> EXERCISE OBJECTIVE
Any picture in the range stays out of the copy; retype exactly the lines from the one with "Chargeur sans fil" to the end of the listing.

'''

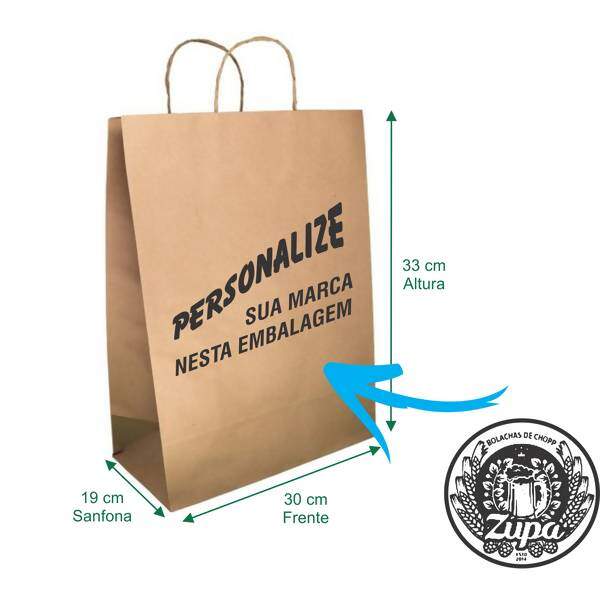 Sacola de papel Kraft personalizada . Impressão até 2 cores.
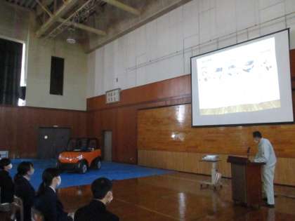 1年生は、タケオカ自動車工芸の武岡さんを招いて「働く人に学ぶ講演会」を行いました。
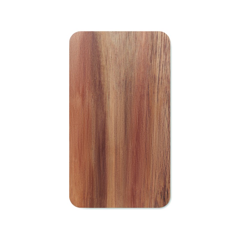 Chargeur sans fil 15W et Powerbank 4000mAh avec boîtier en bois d'acacia et PU recyclé. Prend en charge la technologie de charge rapide (20 W). Entrée/sortie : Type-C.
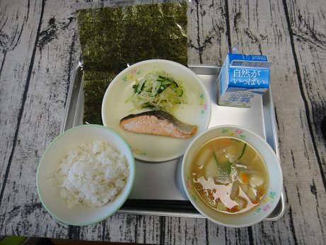 セルフおにぎり 味噌汁 鮭 たくわんあえ 牛乳
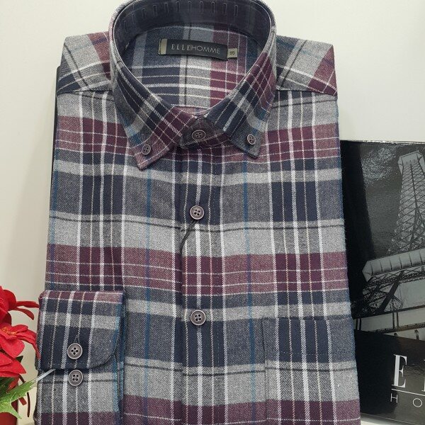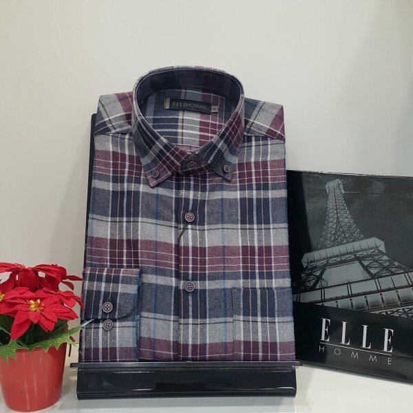 멀티체크 기모셔츠버튼다운 카라버건디.네이비 체크패턴
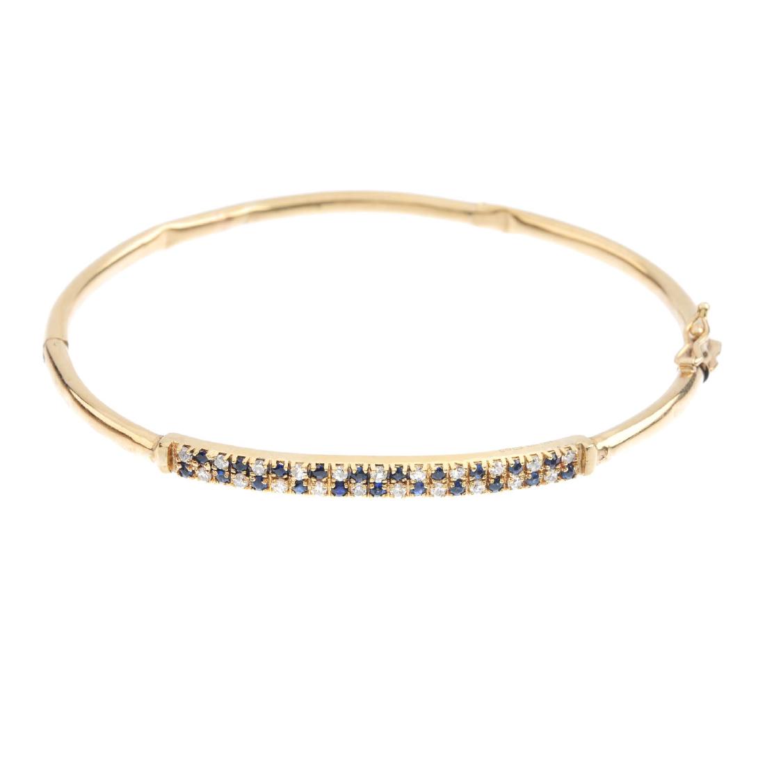 A sapphire and diamond bangle. The alternating

'''

> RESPONSE TO THIS TASK
 Chargeur sans fil 15W et Powerbank 4000mAh avec boîtier en bois d'acacia et PU recyclé. Prend en charge la technologie de charge rapide (20 W). Entrée/sortie : Type-C.
 セルフおにぎり 味噌汁 鮭 たくわんあえ 牛乳
 멀티체크 기모셔츠버튼다운 카라버건디.네이비 체크패턴
 A sapphire and diamond bangle. The alternating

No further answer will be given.